Copy verbatim the span of lines beginning at the line that contains "Voľne stojaca tabuľa" and ending with the final line of the data. Exclude pictures from the copy.

-- Dataset excerpt --
================================
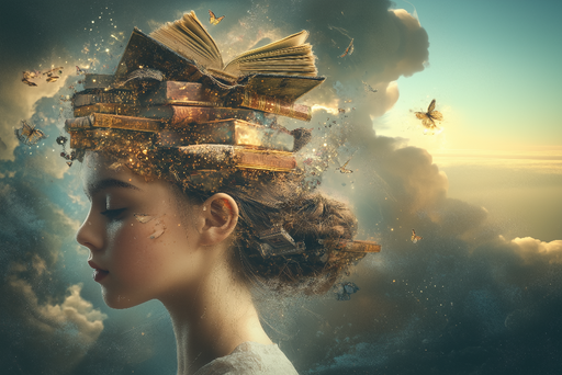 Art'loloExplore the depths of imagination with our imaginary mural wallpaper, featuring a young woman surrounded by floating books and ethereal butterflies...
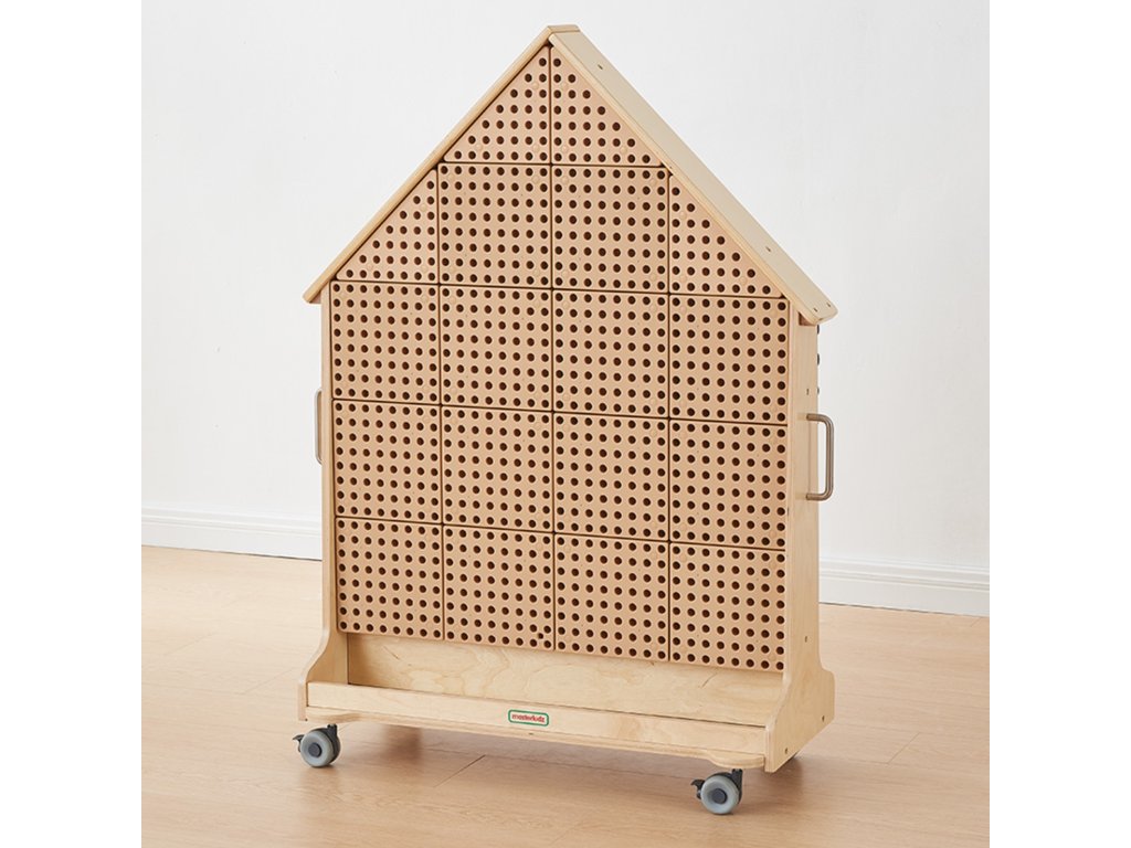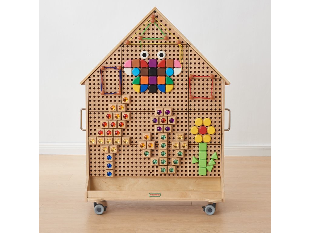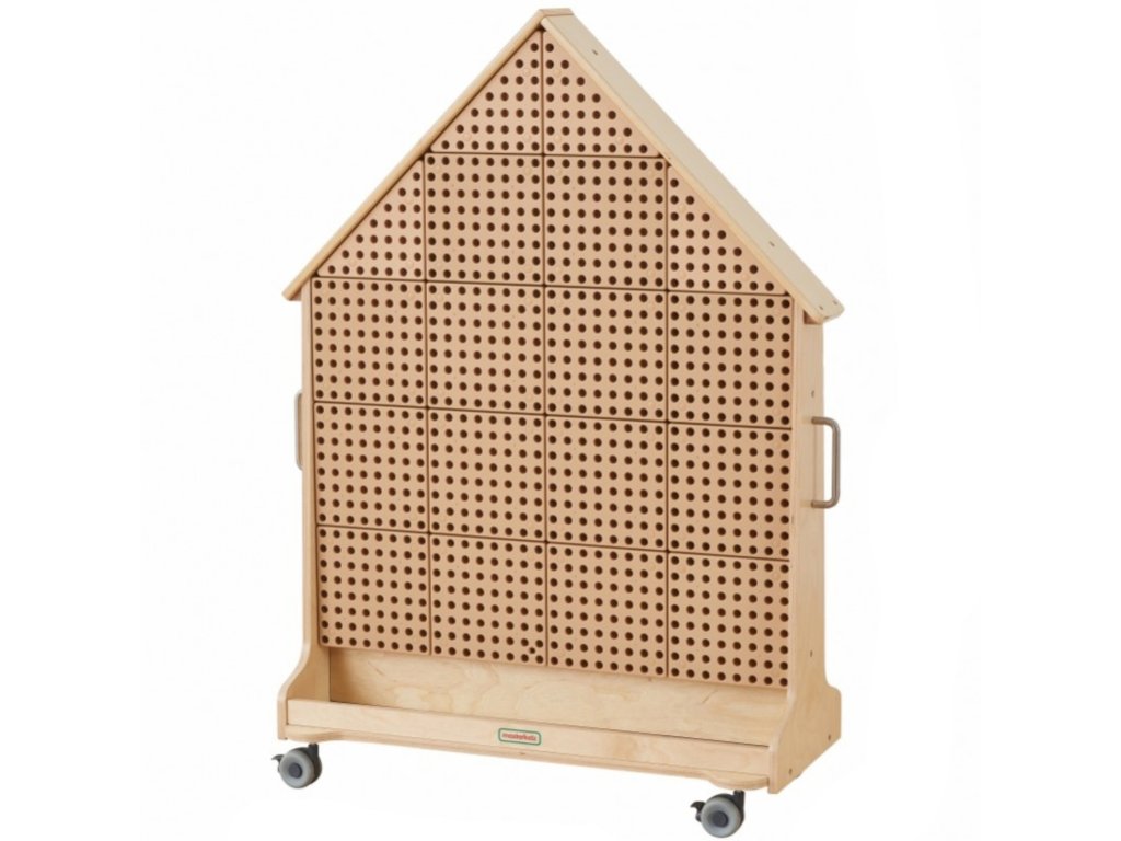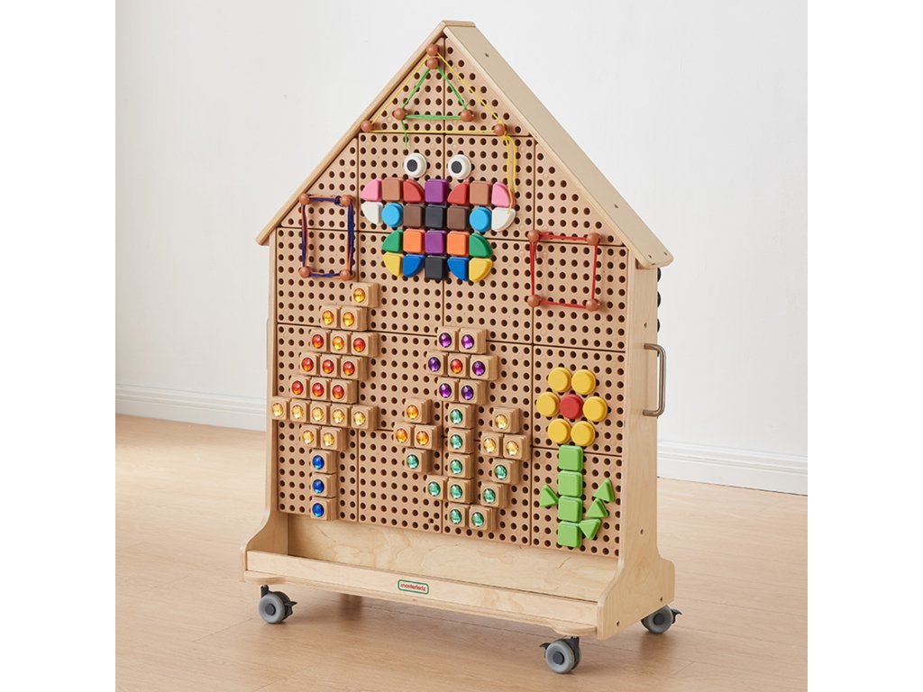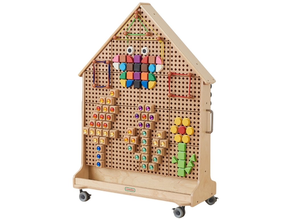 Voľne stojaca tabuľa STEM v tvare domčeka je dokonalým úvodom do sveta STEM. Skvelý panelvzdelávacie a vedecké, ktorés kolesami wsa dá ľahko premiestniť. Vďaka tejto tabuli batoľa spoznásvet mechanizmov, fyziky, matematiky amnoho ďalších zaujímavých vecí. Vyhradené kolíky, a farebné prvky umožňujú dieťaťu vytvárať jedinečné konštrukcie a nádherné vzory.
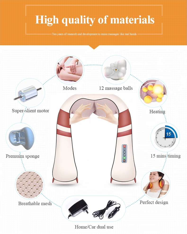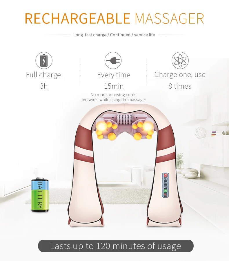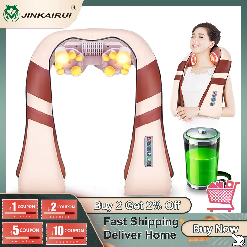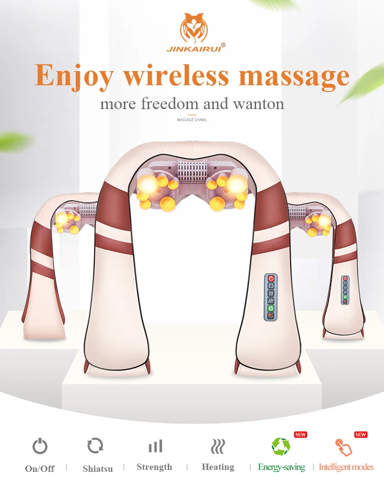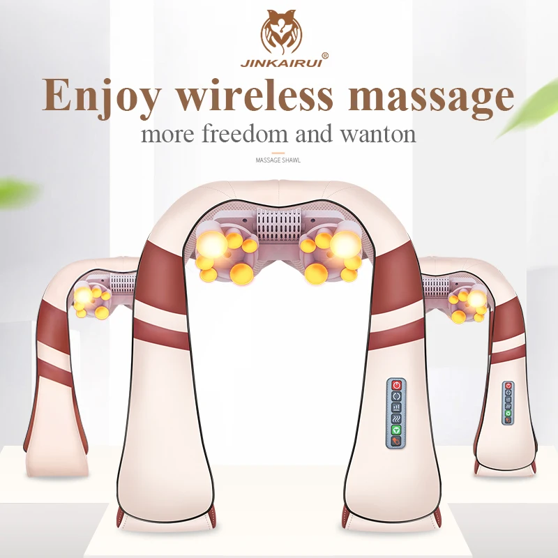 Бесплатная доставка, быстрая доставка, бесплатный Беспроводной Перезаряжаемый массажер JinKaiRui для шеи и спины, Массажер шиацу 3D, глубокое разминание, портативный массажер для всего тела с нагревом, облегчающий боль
================================
-- Answer section --
 Voľne stojaca tabuľa STEM v tvare domčeka je dokonalým úvodom do sveta STEM. Skvelý panelvzdelávacie a vedecké, ktorés kolesami wsa dá ľahko premiestniť. Vďaka tejto tabuli batoľa spoznásvet mechanizmov, fyziky, matematiky amnoho ďalších zaujímavých vecí. Vyhradené kolíky, a farebné prvky umožňujú dieťaťu vytvárať jedinečné konštrukcie a nádherné vzory.
 Бесплатная доставка, быстрая доставка, бесплатный Беспроводной Перезаряжаемый массажер JinKaiRui для шеи и спины, Массажер шиацу 3D, глубокое разминание, портативный массажер для всего тела с нагревом, облегчающий боль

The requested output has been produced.